[DATA FOR ANALYSIS Boundary: Start]
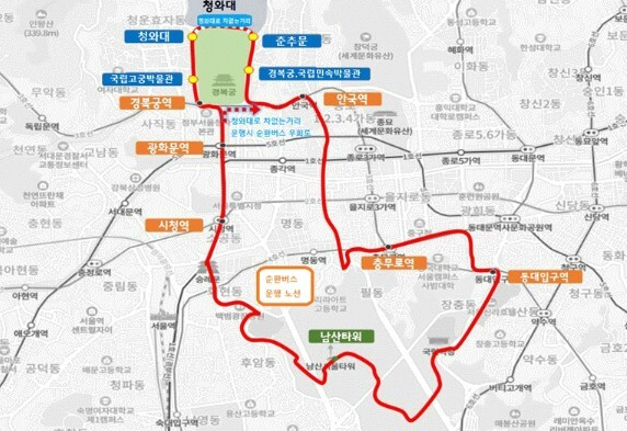 - 광화문 또는 종로 일대에서 버스를 이용하여 청와대 인근에 하차할 수 있습니다.
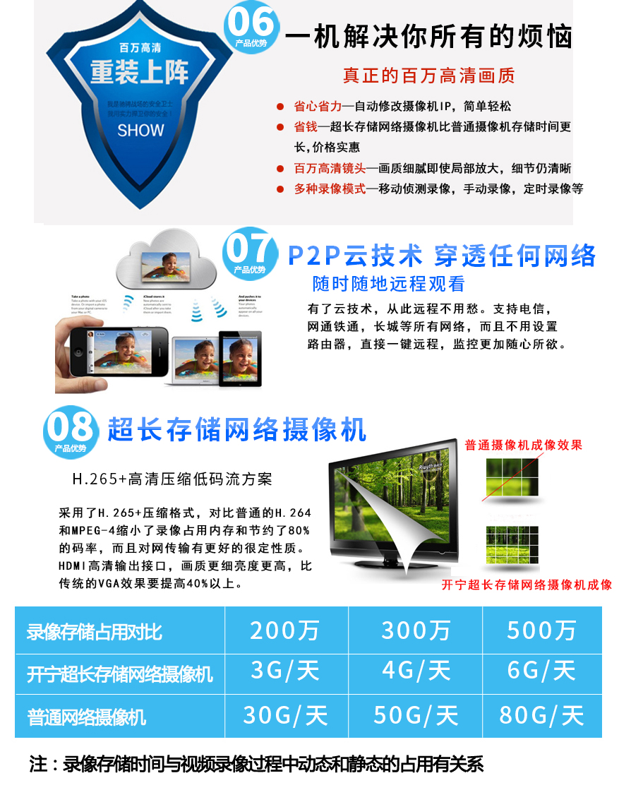 ★智能黑光全彩、1080P/1944P(200萬/500萬)、超長存儲、智能高清、全網通、低碼流、低照度、低功耗、H.265+雙碼流、防靜電、防浪涌、過壓保護、移動偵測報警。
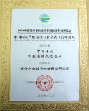 • 2009年3月在胡錦濤、溫家寶等中央領(lǐng)導(dǎo)出席的中國國際節(jié)能減排與新能源科技博覽會(huì)和高峰論壇上評(píng)為“中國十佳節(jié)能減排先進(jìn)企業(yè)”。
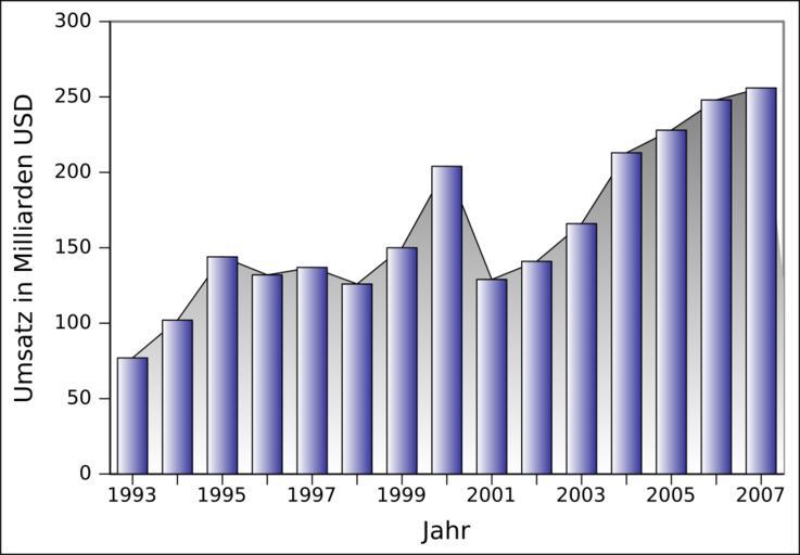 | Keywords: Worldwide Semiconductor Sales in US-Dollar DE.SVG en Worldwide Sales of Semiconductors in Billion USD 1993-2007 Data Semiconductor Equipment and Materials International SEMI de Weltweite Umsätze mit Halbleitern in Milliarden US-Dollar 1993-2007 Daten Semiconductor Equipment and Materials International SEMI Worldwide_Semiconductor_Sales_in_Billion_US-Dollar_GERMAN jpg 2009-05-24 17 44 UTC Worldwide_Semiconductor_Sales_in_Billion_US-Dollar_GERMAN jpg Swettengl derivative work Cepheiden <span class signature-talk >talk</span> SVG conversion Cepheiden Worldwide_Semiconductor_Sales_in_Billion_US-Dollar_GERMAN jpg Data Diagram was made with gnumeric by using following data <pre> Jahr Umsatz in Milliarden USD 1993 77 1994 102 1995 144 1996 132 1997 137 1998 126 1999 150 2000 204 2001 129 2002 141 2003 166 2004 213 2005 228 2006 248 2007 256 </pre> de Weltweite Umsätze mit Halbleitern in Milliarden US-Dolla</nowiki> Uploaded with derivativeFX Semiconductors Sales |
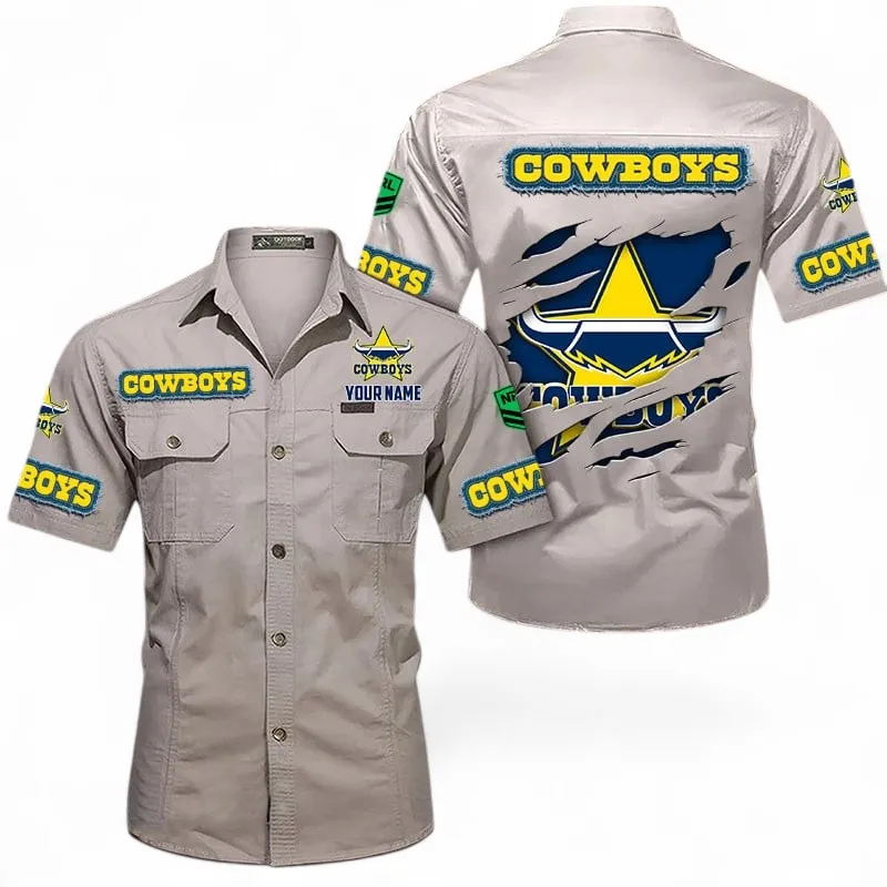 North Queensland Cowboys Fans Gift Short Sleeved Shirt, All Over Print Short Sleeved Shirt For Sport Fan, Custom Name NRL172071625346-Gray
[DATA FOR ANALYSIS Boundary: End]
TASK: Exclude the images, then output the data above word for word.

OUTPUT BELOW:
 - 광화문 또는 종로 일대에서 버스를 이용하여 청와대 인근에 하차할 수 있습니다.
 ★智能黑光全彩、1080P/1944P(200萬/500萬)、超長存儲、智能高清、全網通、低碼流、低照度、低功耗、H.265+雙碼流、防靜電、防浪涌、過壓保護、移動偵測報警。
 • 2009年3月在胡錦濤、溫家寶等中央領(lǐng)導(dǎo)出席的中國國際節(jié)能減排與新能源科技博覽會(huì)和高峰論壇上評(píng)為“中國十佳節(jié)能減排先進(jìn)企業(yè)”。
 | Keywords: Worldwide Semiconductor Sales in US-Dollar DE.SVG en Worldwide Sales of Semiconductors in Billion USD 1993-2007 Data Semiconductor Equipment and Materials International SEMI de Weltweite Umsätze mit Halbleitern in Milliarden US-Dollar 1993-2007 Daten Semiconductor Equipment and Materials International SEMI Worldwide_Semiconductor_Sales_in_Billion_US-Dollar_GERMAN jpg 2009-05-24 17 44 UTC Worldwide_Semiconductor_Sales_in_Billion_US-Dollar_GERMAN jpg Swettengl derivative work Cepheiden <span class signature-talk >talk</span> SVG conversion Cepheiden Worldwide_Semiconductor_Sales_in_Billion_US-Dollar_GERMAN jpg Data Diagram was made with gnumeric by using following data <pre> Jahr Umsatz in Milliarden USD 1993 77 1994 102 1995 144 1996 132 1997 137 1998 126 1999 150 2000 204 2001 129 2002 141 2003 166 2004 213 2005 228 2006 248 2007 256 </pre> de Weltweite Umsätze mit Halbleitern in Milliarden US-Dolla</nowiki> Uploaded with derivativeFX Semiconductors Sales |
 North Queensland Cowboys Fans Gift Short Sleeved Shirt, All Over Print Short Sleeved Shirt For Sport Fan, Custom Name NRL172071625346-Gray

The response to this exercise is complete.